* [Task description] A verbatim copy of the full data, with no pictures, is the expected answer.

##### Information shown

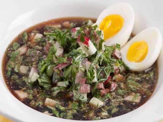 Овощи и яйца можно не нарезать, а натереть на терке или размять вилкой – так блюдо еще лучше пропитается квасом, каждый из компонентов максимально раскроет свой вкус.
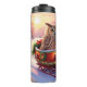 Eule auf einem Schlitten während der Ferien Thermosbecher
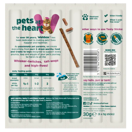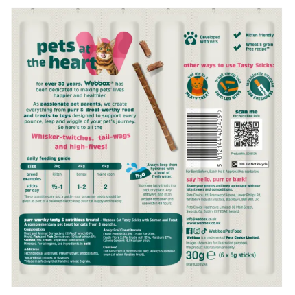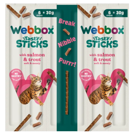 Indulge Your Cat with Webbox Tasty Sticks Salmon & Trout Treats. Give your cat a flavor-rich experience with Webbox Tasty Sticks Salmon & Trout Cat Treats (30g). Made with 75% meat and fish, these treats include 5% salmon and 5% trout, making them a grain-free and wheat-free delight for cats aged 3 months and older These snacks not only taste great but are also free from artificial colors, ensuring a natural and nutritious treat for your furry companion. Each stick comes individually wrapped, making portion control and serving a breeze.
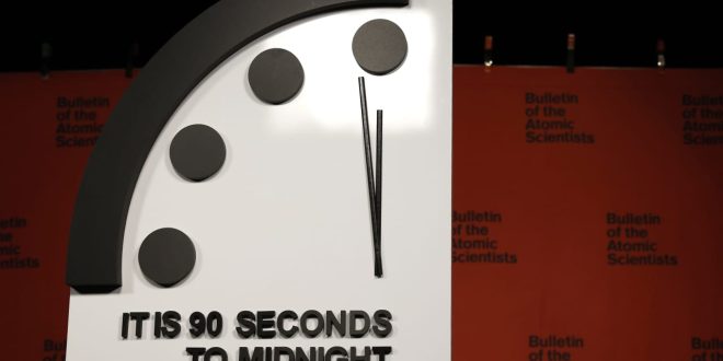 الثلاثاء، تم ضبط الساعة مرة أخرى عند 90 ثانية حتى منتصف الليل – الأقرب للساعة 12 على الإطلاق، وفقًا لنشرة علماء الذرة، التي أنشأت الساعة في عام 1947. ويمثل منتصف الليل اللحظة التي يكون الناس قد جعلوا فيها الأرض غير صالحة للسكن. في العام الماضي حددت النشرة الساعة بـ 90 ثانية حتى منتصف الليل ويرجع ذلك أساسًا إلى الغزو الروسي لأوكرانيا وزيادة خطر التصعيد النووي.
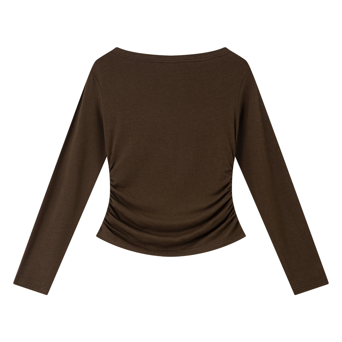 Casual T-shirts with French Slash Neck and Long Sleeves for Women – Slim Fit Knitted Tees

##########

* [Exercise output]
 Овощи и яйца можно не нарезать, а натереть на терке или размять вилкой – так блюдо еще лучше пропитается квасом, каждый из компонентов максимально раскроет свой вкус.
 Eule auf einem Schlitten während der Ferien Thermosbecher
 Indulge Your Cat with Webbox Tasty Sticks Salmon & Trout Treats. Give your cat a flavor-rich experience with Webbox Tasty Sticks Salmon & Trout Cat Treats (30g). Made with 75% meat and fish, these treats include 5% salmon and 5% trout, making them a grain-free and wheat-free delight for cats aged 3 months and older These snacks not only taste great but are also free from artificial colors, ensuring a natural and nutritious treat for your furry companion. Each stick comes individually wrapped, making portion control and serving a breeze.
 الثلاثاء، تم ضبط الساعة مرة أخرى عند 90 ثانية حتى منتصف الليل – الأقرب للساعة 12 على الإطلاق، وفقًا لنشرة علماء الذرة، التي أنشأت الساعة في عام 1947. ويمثل منتصف الليل اللحظة التي يكون الناس قد جعلوا فيها الأرض غير صالحة للسكن. في العام الماضي حددت النشرة الساعة بـ 90 ثانية حتى منتصف الليل ويرجع ذلك أساسًا إلى الغزو الروسي لأوكرانيا وزيادة خطر التصعيد النووي.
 Casual T-shirts with French Slash Neck and Long Sleeves for Women – Slim Fit Knitted Tees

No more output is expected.